In this first example, we’ll demonstrate the monthly averages for all sales people; and compare each instance of a sale to it.

Traditionally, we could solve this issue by employing a CTE to perform our aggregation, and join to this calculated set from our main query:

WITH avg_month AS (
  SELECT date_part('month', sale_date) as month,
  		 date_part('year', sale_date) as year,
  		 avg(quantity * unit_cost) as average
  FROM public.sales
  GROUP BY date_part('month', sale_date), date_part('year', sale_date)
)
SELECT salesperson,
	   sale_date,
       quantity * unit_cost,
       avg_month.average AS month_avg
FROM public.sales
INNER JOIN avg_month ON avg_month.month = date_part('month', sale_date)
AND						avg_month.year = date_part('year', sale_date)
ORDER BY salesperson, sale_date DESC;

The output of which starts to look like this:

salesperson sale_date ?column? month_avg
Bob 2018-06-24 52 135
Bob 2018-06-13 192 135
Bob 2018-05-25 192 135
Bob 2018-05-02 26 135
John 2018-06-29 468 135
John 2018-06-15 156 135
John 2018-06-12 96 135
John 2018-06-03 156 135
John 2018-06-03 60 135
John 2018-05-27 52 135
John 2018-05-26 156 135
John 2018-05-14 96 135
June 2018-05-27 468 135
June 2018-05-27 20 135
June 2018-05-13 156 135
Sally 2018-06-24 20 135
Sally 2018-06-13 130 135
Sally 2018-06-02 26 135
Sally 2018-05-25 130 135
Sally 2018-05-13 60 135

We can simplify the query above greatly with the use of window functions.

SELECT salesperson, sale_date, (quantity * unit_cost),
	   avg(quantity * unit_cost) OVER (
         PARTITION BY date_part('month', sale_date), date_part('year', sale_date)
       ) as month_avg
FROM public.sales
ORDER BY salesperson, sale_date DESC;

This offers the same result, with a much cleaner query experience.

To look into this data a little further, and perform the same operation over the salesperson’s averages, we simply swap out the PARTITION BY expression:

SELECT salesperson, sale_date, (quantity * unit_cost),
	   avg(quantity * unit_cost) OVER (
         PARTITION BY salesperson
       ) as month_avg
FROM public.sales
ORDER BY salesperson, sale_date DESC;

This now tells us how each of the saleperson’s sales performed against their average.

Functions

With a basic understanding of the windowing function framework and how it can be applied to your queries, any of the supported functions can be use.
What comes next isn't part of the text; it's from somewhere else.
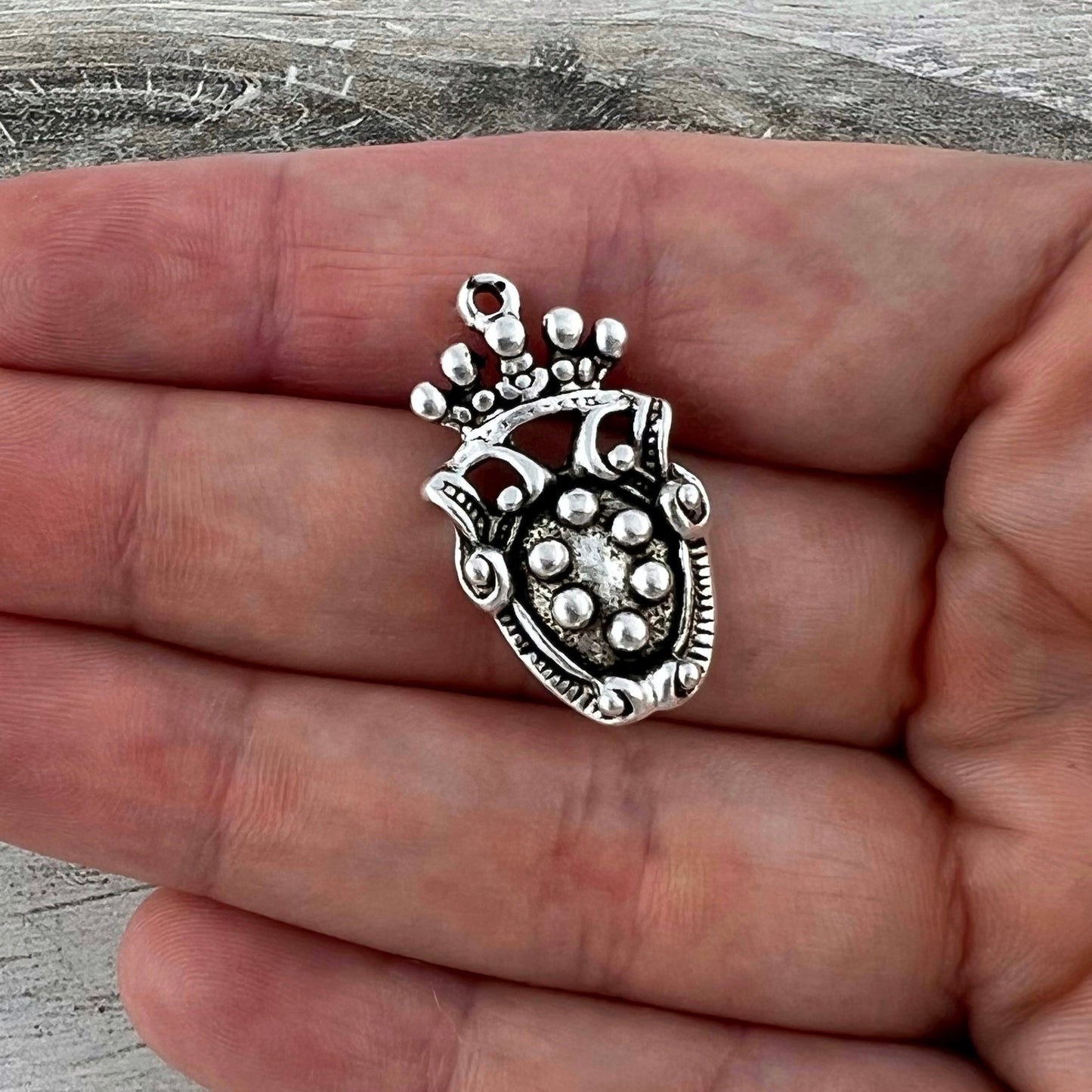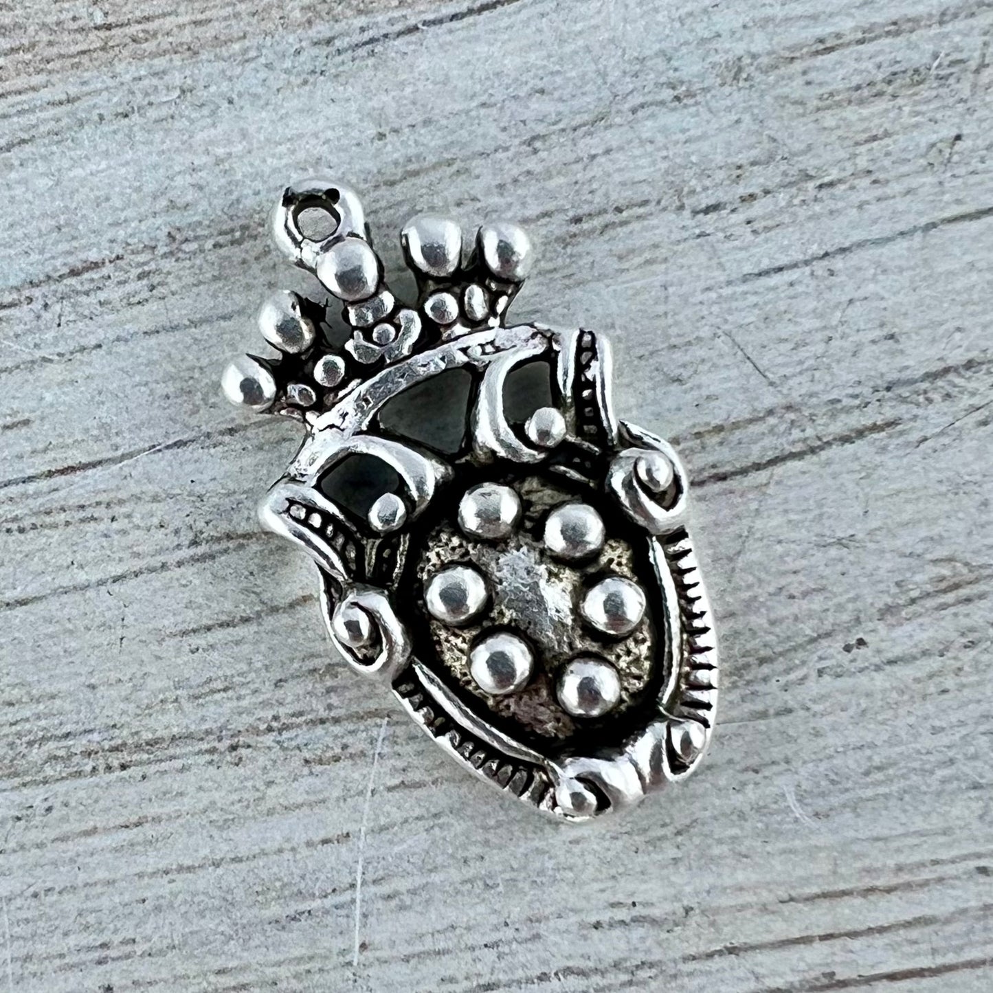 Old World Dotted Shield Medallion Charm, Antiqued Silver Crown Pendant, Jewelry Findings, SL-6300

The actual documentation of these functions can be found in the AWS documentation for Redshift, so I won’t reproduce that material here.

The list of functions are:

  • AVG
  • COUNT
  • CUME_DIST
  • DENSE_RANK
  • FIRST_VALUE
  • LAST_VALUE
  • LAG
  • LEAD
  • LISTAGG
  • MAX
  • MEDIAN
  • MIN
  • NTH_VALUE
  • NTILE
  • PERCENT_RANK
  • PERCENTILE_CONT
  • PERCENTILE_DISC
  • RANK
  • RATIO_TO_REPORT
  • ROW_NUMBER
  • STDDEV_SAMP
  • STDDEV_POP
  • SUM
  • VAR_SAMP
  • VAR_POP

In future articles I’ll cover these functions and how they can be used to perform analysis over your datasets.